■ INSTRUCTIONS FOR THE TASK: Take the lines below from the one with "Enjoy entertaining your" through the one with "为扎实开展司法行政队伍教育整" and retype them exactly. Include nothing else, and no pictures.

■ SUPPLIED DATA:
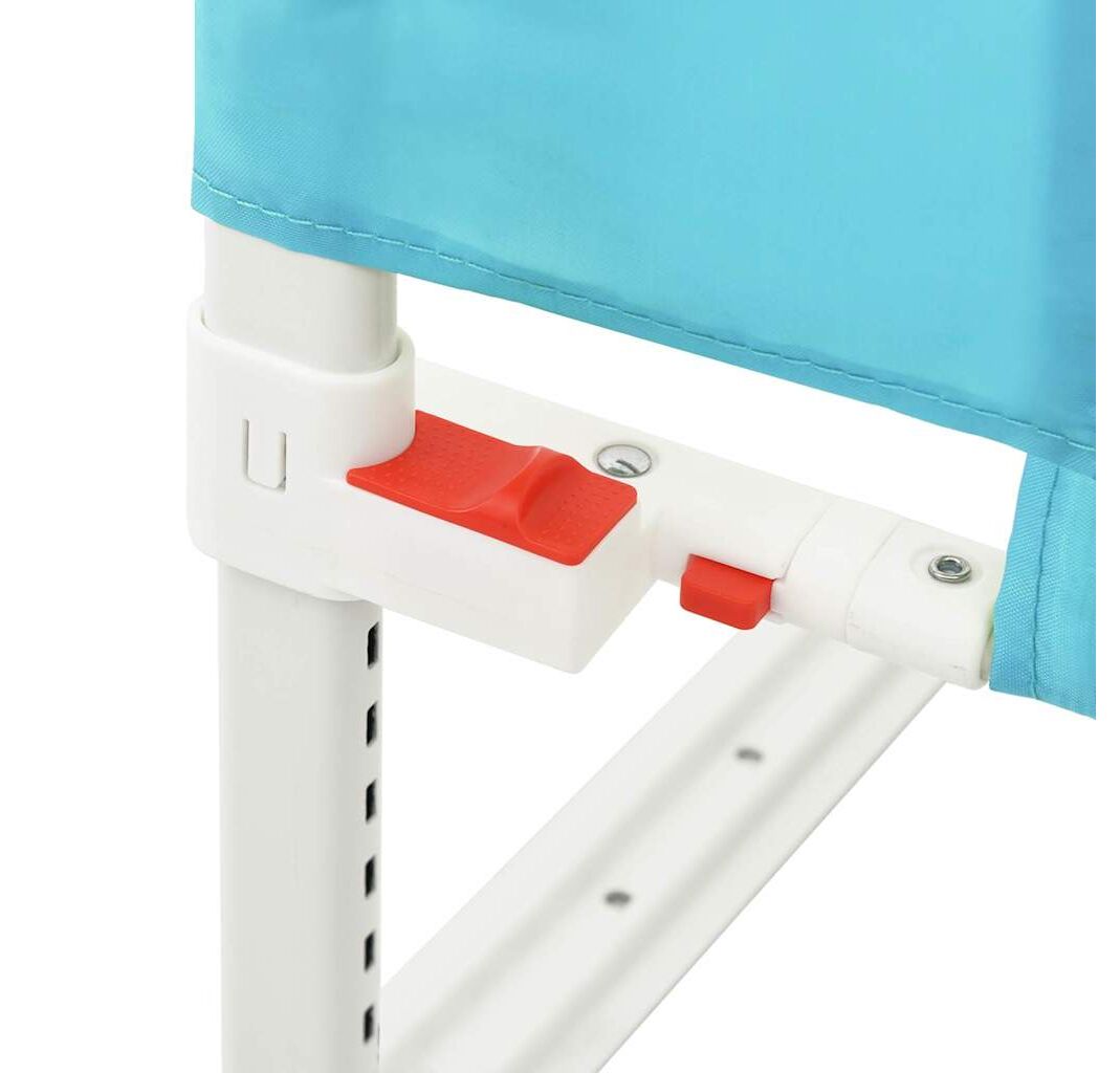 Fabricată din țesătură de poliester lavabilă și tub metalic ușor, această balustradă de pat este robustă, durabilă și ușor de curățat. Este echipată cu un buton pe fiecare parte, astfel încât să o puteți conecta cu ușurință. În plus, înălțimea protecției de pat poate fi reglată liber pentru a găsi cea mai sigură înălțime. Vă rugăm să rețineți: această balustradă de pat este potrivită pentru copiii cu vârsta cuprinsă între 18 luni și 5 ani. Poate fi folosită pentru majoritatea paturilor cu o grosime a saltelei de 3-25 cm, cu excepția paturilor supraetajate, paturilor pentru bebeluși, paturilor cu apă sau a paturilor cu saltea gonflabilă.
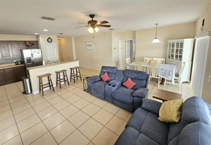 Enjoy entertaining your guests and loved ones within this HUGE, oversized lot! This beautiful 4-bedroom and 2-baths contemporary home is the perfect setting for growing families. The Cherry Wood Cabinets, Stainless Steel Appliances, and the Island within the kitchen give this lovely home the luxury touch. The Open Floor Plan and split bedrooms offer natural lighting. Enjoy candles and music while indulging in the garden tub within the primary bathroom. Classy brick pavers dress in the oversized driveway. Great Location offering Easy Access to major highways: Highway 50, Highway 27, and FL Turnpike. The best price within a growing community. Low HOA and no CDD! Call This Beauty Home!
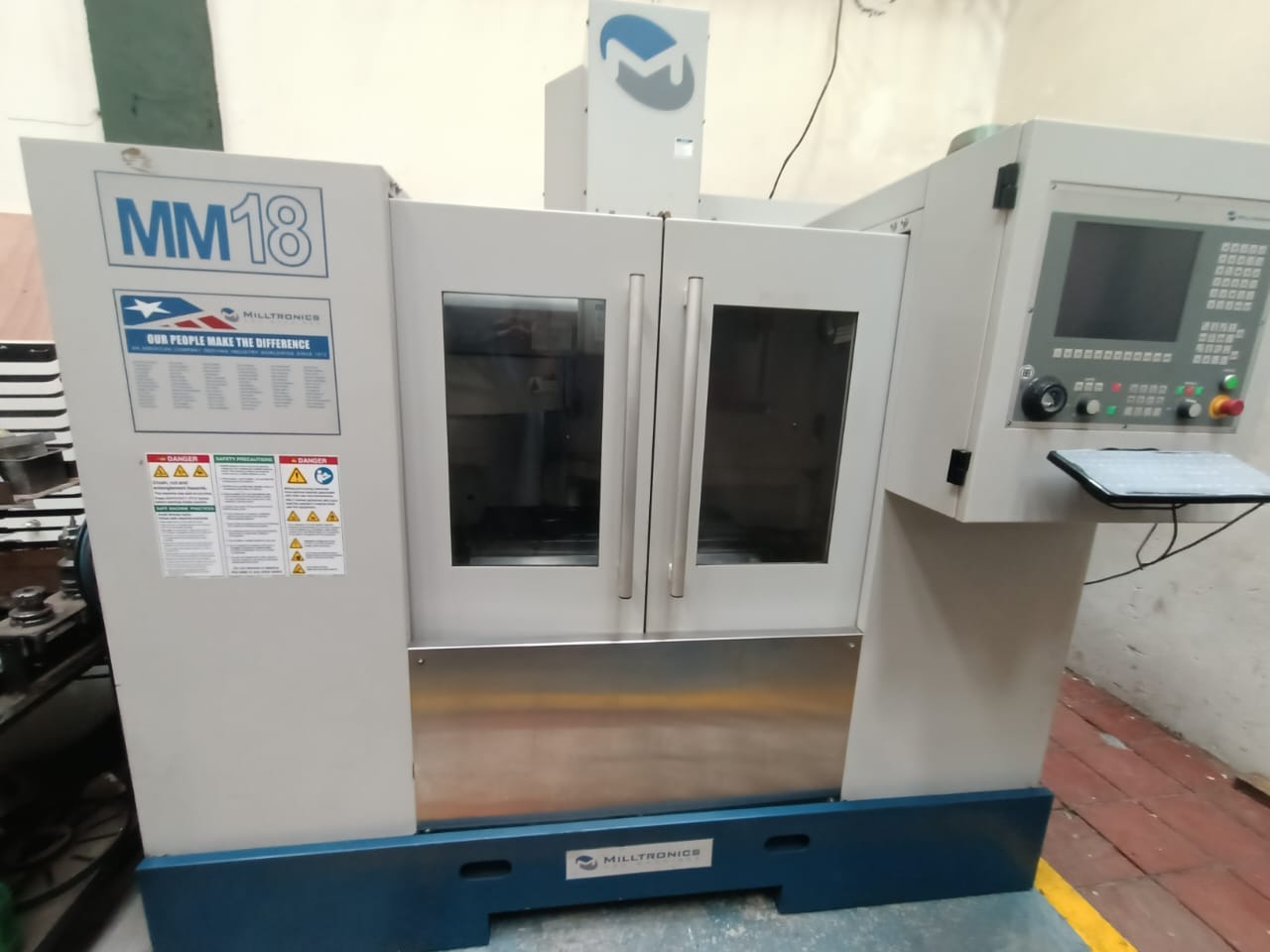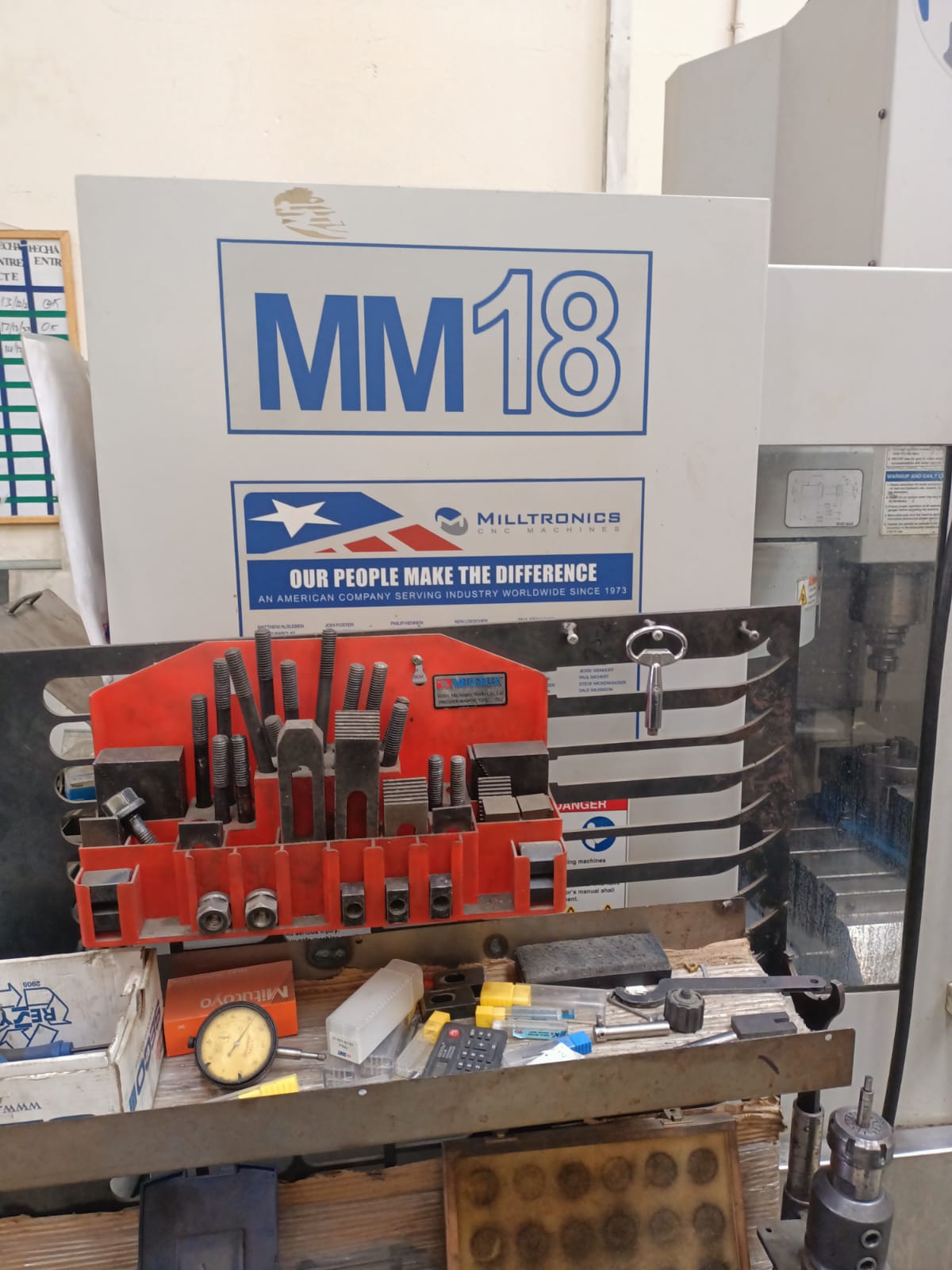 Centro de Mecanizado marca Miltronic , Modelo MM 18, fabricación U.S.A., Área de Mesa 890x405mm., con 18 herramientas en carrusel, control Miltronic, con prensa, Ref.- UM/O 278
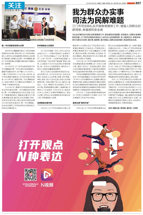 为扎实开展司法行政队伍教育整顿工作,落实爱民实践部署,切实解决人民群众急难愁盼的问题,江门市司法局始终坚持以人民为中心的发展思想,深入基层走访,多措并举,努力为群众办实事、做好事、解难事,着力增强
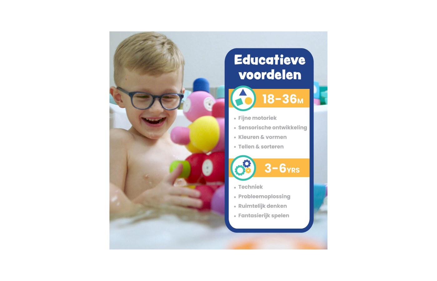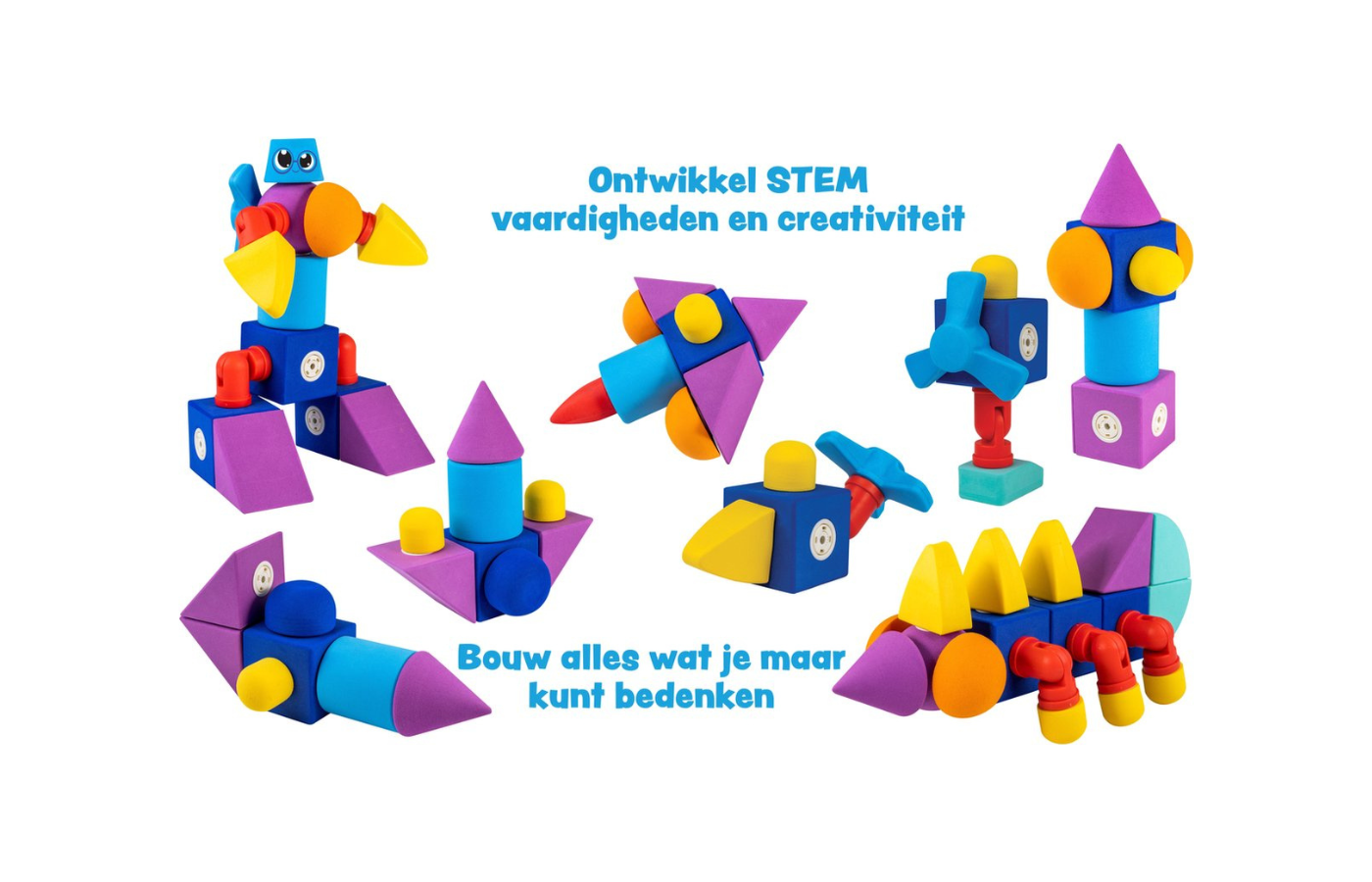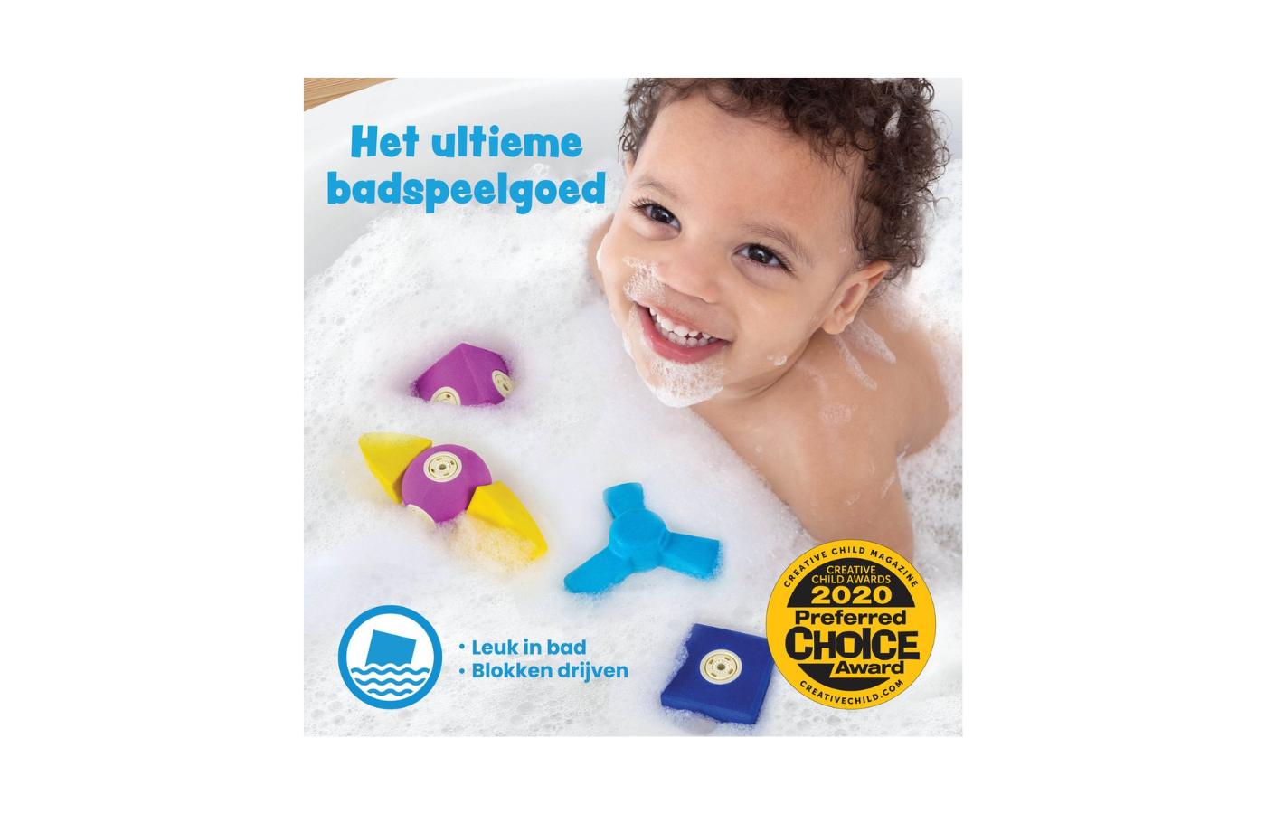 With these soft magnetic foam building blocks, children can build more creatively than ever before. The innovative magnet system magically connects the blocks together every time. The building blocks never repel each other and offer endless play possibilities! The foam rubber building blocks float on water and stick magnetically to metal bathtubs. The blocks are easy to clean, they can simply be put in the top compartment of the dishwasher - and they shine like new again!

■ ANSWER TO THIS PROBLEM:
 Enjoy entertaining your guests and loved ones within this HUGE, oversized lot! This beautiful 4-bedroom and 2-baths contemporary home is the perfect setting for growing families. The Cherry Wood Cabinets, Stainless Steel Appliances, and the Island within the kitchen give this lovely home the luxury touch. The Open Floor Plan and split bedrooms offer natural lighting. Enjoy candles and music while indulging in the garden tub within the primary bathroom. Classy brick pavers dress in the oversized driveway. Great Location offering Easy Access to major highways: Highway 50, Highway 27, and FL Turnpike. The best price within a growing community. Low HOA and no CDD! Call This Beauty Home!
 Centro de Mecanizado marca Miltronic , Modelo MM 18, fabricación U.S.A., Área de Mesa 890x405mm., con 18 herramientas en carrusel, control Miltronic, con prensa, Ref.- UM/O 278
 为扎实开展司法行政队伍教育整顿工作,落实爱民实践部署,切实解决人民群众急难愁盼的问题,江门市司法局始终坚持以人民为中心的发展思想,深入基层走访,多措并举,努力为群众办实事、做好事、解难事,着力增强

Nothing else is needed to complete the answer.